Паган приоткрыл дверцу лишь на ладонь, после чего начал суетливо протискивать «угощения» для дикарки внутрь клетки. Остановился. Дрожащие губы гнути зашептали защитные заклинания, его зрачки расширились.

– Чего ты медлишь?! – нетерпеливо прикрикнул один из Сычей. – Гостья голодна!

Повинуясь, паган просунул дрожавшую руку по локоть, дернулся, как на крючке; в следующий миг клетка будто проглотила бедолагу. Раздался истошный визг.

Испуганные овечечники вскочили на ноги. Паган вывалился из клетки наземь, на спину. На его груди, как разъяренная рысь восседала Яция. Во рту мерзи алел кусок вырванной трахеи. Несчастный паган силился схватиться за шею, пытаясь закрыть зиявшую рану, клокотавшую пенившейся, будто вскипевшая в котелке вода, кровью.

Яция выплюнула человеческую плоть и бросив короткий взгляд на Мангольда, бросилась бежать. Перемахнув через костер, с легкостью ветра, она скрылась в кромешной тьме наступившей ночи. Раздался громкой плеск. И снова! И снова!..

– Она бежит через ручей! – зарычал Ворон, тщетно пытаясь разглядеть беглянку. – К Гиблому лесу!

Теперь яркое пламя костров оказалось не другом, а помехой – оно лишь слепило глаза, делая тьму еще гуще.

– Двое – за мерзью! – скомандовал Питит. – Остальным – охранять монбона!

Родовиты повиновались. Посланные в погоню Сычи, оседлав жеребцов, уже скрылись за пологом ночи.

Ворон подошел к взволнованному Мангольду, волчьей хваткой вцепился пальцами в плечо товарища, сжал – беспощадно, до боли; во взгляде Питита тоже ожил волк.

– Отродье будет поймано и обезглавлено, мой господин.
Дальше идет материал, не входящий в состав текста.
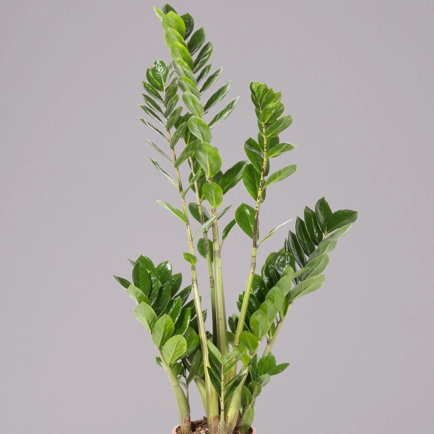 Die Glücksfeder zählt zu den anspruchlosesten Zimmerpflanzen überhaupt und kommt dementsprechend mit fast allen Standorten zurecht. Wichtig ist lediglich ein Platz ohne direkte Sonne, da dies zu Verbrennungen führt. Helle, halbschattige Standorte bis hin zu schattigen Plätzen sind kein Problem für die Pflanze. Als Sukkulente benötigt Zamioculcas darüberhinaus nur wenig Wasser, Überprüfen Sie immer die Erdoberfläche, das Substrat darf antrocknen, bevor Sie erneut gießen. Oft reicht es aus die Pflanze alle 14 Tage zu gießen, im Winter sogar noch seltener. Achten Sie darauf Staunässe zu vermeiden, da dies schnell zu Wurzelfäule führen kann. Je dunkler die Pflanze steht, desto weniger Wasser wird benötigt. Von April bis September dürfen Sie der Glücksfeder alle 4 Wochen eine Nährstoffgabe mit einem Grünpflanzendünger verabreichen.

Рано или поздно. Даю слово чести. Жизнь этой мерзи против моей.

Мангольд кивнул. Ничего другого не оставалось… Он понимал, Питит не злится. Питит в бешенстве!


Воины, отправленные в погоню за дикаркой, вернулись лишь с рассветом, когда лагерь впал в сонное забытье.

Мангольд проснулся от неистового хохота. Вскочив с плаща, служившего в походе и постелью, он обнаружил, что воины отряда, обнажив клинки, уже взяли его в кольцо, готовые отразить любую атаку.

– Что происходит?

– Хохотуны, – холодно доложил Ворон, продолжая зорко всматриваться в противоположный берег ручья, затянутый клочками утреннего тумана. Пугающий смех доносился оттуда. – Видно, нашим братьям выпала нелегкая участь – пасть жертвами Гиблого леса.

Вскоре на берег вышли двое. Они надсадно, громогласно смеялись. Хохотали. Казалось, будто двое подгулявших выпивох возвращались из таверны. Только смех их больше походил на потуги выживших из ума кровопийц. От такого хохота по спинам родовитов загулял холодок и побежали мурашки.

– Канас и Марфиус! Это точно они! – узнал фигуры на противоположном берегу один из Сычей. – О, духи Безбрежья! – зябко поежился воин. – Что же делать?! Неужели, убивать братьев?! Ворон!

– У нас нет другого пути! – отрезал Питит. – Самородная магия не щадит ни тело, ни чувства! Хохотуны обожают рвать людей на части! Это их забавляет. Нам предстоит честь освободить братьев от жалкой личины мерокровов! Заманим их паганом, а сами подойдем сзади. Покройте головы!

– Зачем?.. – не понял Мангольд, уже лихорадочно натягивая плащ на голову. В походе он научился беспрекословно доверять свою жизнь опыту Ворона.

– Под покровами хохотуны не видят в нас людей!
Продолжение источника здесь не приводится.